Mr. Justice Walker refused to allow the report in finding the Plaintiff would be prejudiced by depriving her adequate time to prepare for cross-examination.  In so finding the Court provided the following reasons:
26]         I am satisfied that plaintiff’s counsel has, through no fault of his own or of his client, not been able to properly consult with his client’s medical experts to determine the answers to those questions. It is also clear to me that standing the trial down for a half day or day or two does not afford the plaintiff and her counsel the opportunity to properly respond to Dr. Bishop’s report, even if it was admitted on a redacted basis.
[27]         In all, I am satisfied, from counsels’ submissions and from the nature of the evidence given by the medical experts to date, that plaintiff’s counsel may well have approached the preparation and prosecution of his client’s case quite differently if he had known that Dr. Bishop’s report was to be admitted…
[32]         As a result of his position concerning terms, which in my respectful view seeks to constrain the outcome of the application to the defendant’s greatest advantage, I conclude that the defendant cannot meet the requirements of Rule 11-7(6)(b).
[33]         Lastly, turning to sub-rule (c), as Savage J. noted in Perry, there must be some “compelling analysis” why the interests of justice require the Court to exercise its discretion to allow the “extraordinary step” of abrogating the requirements of the Rules. None was presented by the defendant in submissions. Moreover, I find that the circumstances of this case, particularly the dilatory conduct of the defendant, do not compel me to exercise my discretion under sub-rule (c) to admit Dr. Bishop’s report into evidence without an adjournment on terms. To otherwise admit Dr. Bishop’s report would not be in the interests of justice.
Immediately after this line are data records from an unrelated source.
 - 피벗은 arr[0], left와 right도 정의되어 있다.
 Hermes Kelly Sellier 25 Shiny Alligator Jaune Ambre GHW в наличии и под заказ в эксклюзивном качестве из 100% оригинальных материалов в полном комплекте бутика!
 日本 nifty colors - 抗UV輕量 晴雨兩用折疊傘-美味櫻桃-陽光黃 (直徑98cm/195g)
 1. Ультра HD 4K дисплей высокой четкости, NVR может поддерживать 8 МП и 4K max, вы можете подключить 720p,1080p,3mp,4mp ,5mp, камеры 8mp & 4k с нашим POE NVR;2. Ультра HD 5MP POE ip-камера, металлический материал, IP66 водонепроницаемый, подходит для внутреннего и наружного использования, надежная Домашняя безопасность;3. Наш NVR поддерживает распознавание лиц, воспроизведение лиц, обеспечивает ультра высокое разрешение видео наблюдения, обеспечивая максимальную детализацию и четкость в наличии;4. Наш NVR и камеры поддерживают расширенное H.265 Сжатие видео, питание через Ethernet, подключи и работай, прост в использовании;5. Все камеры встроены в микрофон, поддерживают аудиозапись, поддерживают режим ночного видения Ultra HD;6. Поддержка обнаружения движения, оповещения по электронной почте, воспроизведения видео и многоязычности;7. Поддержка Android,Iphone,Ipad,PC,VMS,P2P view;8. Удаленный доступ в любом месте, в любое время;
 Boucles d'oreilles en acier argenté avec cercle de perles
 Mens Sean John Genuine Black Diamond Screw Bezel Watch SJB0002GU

[34]         As a result, the defendant’s application is dismissed. Dr. Bishop’s report will not be admitted into evidence.

Court Finds ICBC Settlement "Not a Family Asset" in Divorce Proceedings


While there is no ‘one size fits all‘ answer to the question of whether a personal injury settlement is a family asset in divorce proceedings, reasons for judgement were released this week by the BC Supreme Court, Vancouver Registry, highlighting circumstances where it is not.
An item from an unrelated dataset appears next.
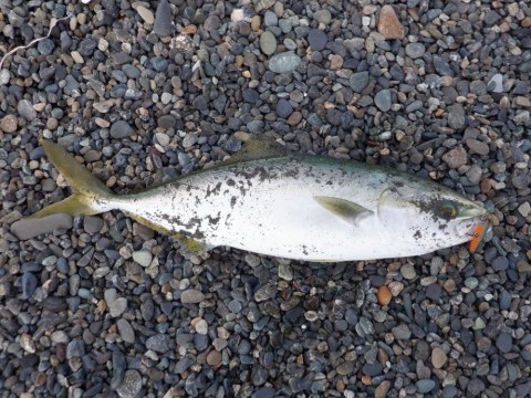 何とイナダでした!ヒットルアーはJackson/Trout Tune HW。遠投が決まったとはいえ軽量ルアーです、大した飛距離が出ていませんでしたが、よくぞ食ってくれました。
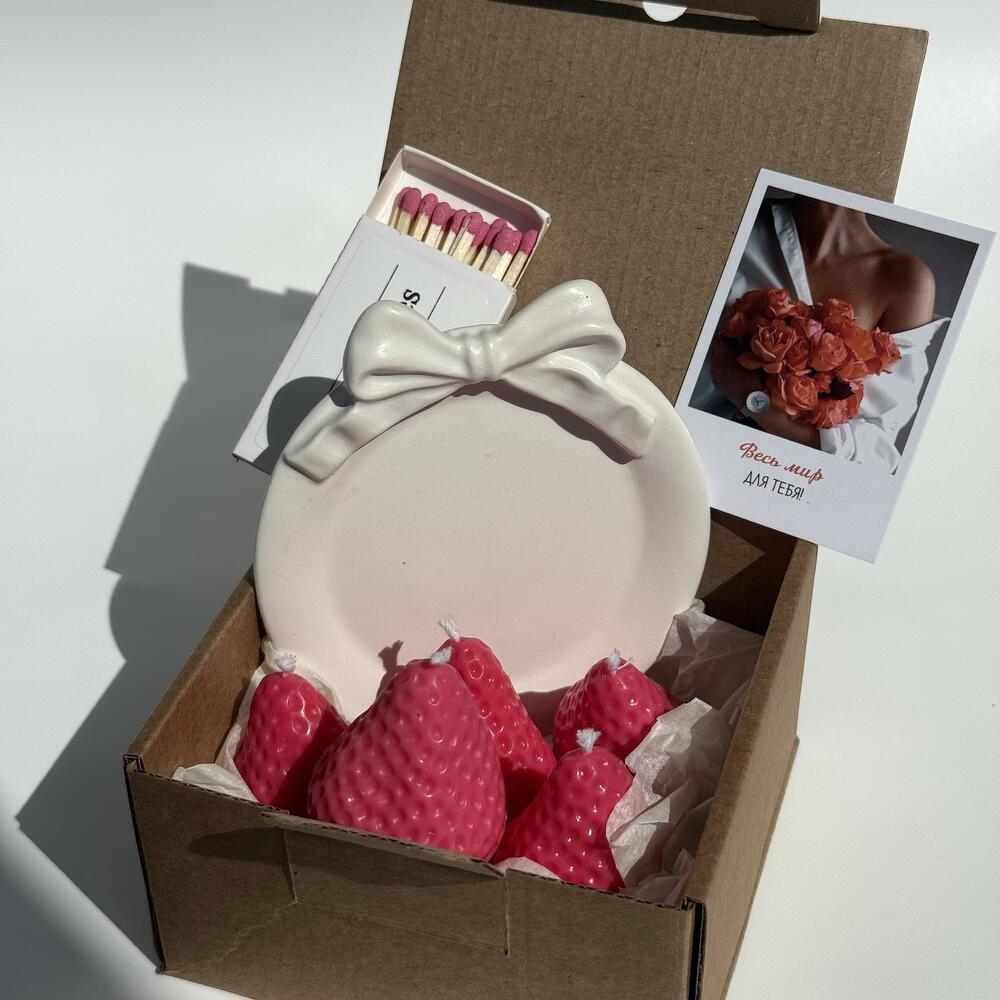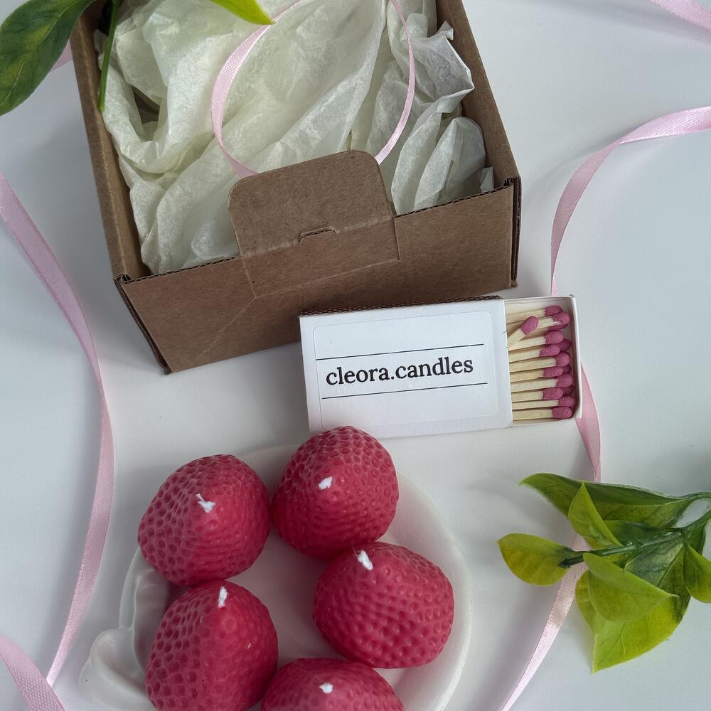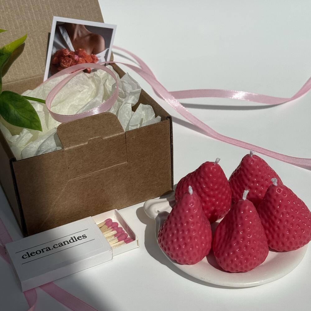 Набор ароматических свечей Сочная клубничка Подарите себе и близким летнее настроение с этим очаровательным набором свечей в форме спелых клубничек! Каждая свеча выполнена в реалистичном дизайне, передающем сочность и яркость свежесобранных ягод. ✨ Особенности набора: - Аромат: сладкий, медовый - Материал: натуральный пчелиный воск (экологично и безопасно). - Горение: ровное, без копоти, с приятным насыщенным ароматом. - Дизайн: миниатюрные клубнички в наборе 5 шт идеально подходят для декора или в качестве милого подарка. Идеально для создания уютной атмосферы, романтического вечера или в качестве дополнения к подарку для любителей сладких ароматов. Позвольте себе насладиться вкусом лета в любое время года! 🎁 Отличный вариант для: подарка на День святого Валентина, 8 Марта, День рождения или просто без повода. Погрузитесь в мир сладких грёж с набором Сочная клубничка! 🍓✨

In this week’s case (Shen v. Tong) the parties ‘lived in a marriage-like relationship‘ since 2004 and were married in 2008.  In 2004 the Respondent was injured in a collision and she subsequently settled her ICBC claim in 2006.  The funds were invested and still available at the time of the Divorce and the Claimant sought an order declaring this money as a family asset.  Madam Justice Stromberg-Stein refused and provided the following reasons:
[40]         Ms. Tong’s position is her ICBC settlement is not a family asset.  It was largely for general damages and of the $13,564 for past wage, about half this time was before their relationship started.  Ms. Tong invested the settlement proceeds and never used them for a family purpose.  She maintained she wanted to save the award for her recovery but she did not have to use it for that purpose as she had Mr. Shen’s benefits.  She sent the invested proceeds, now $60,000, to her parents in China in January 2012.
[41]         The ICBC settlement is not a family asset.  Ms. Tong does not have to account for what amounts to a negligible wage loss claim.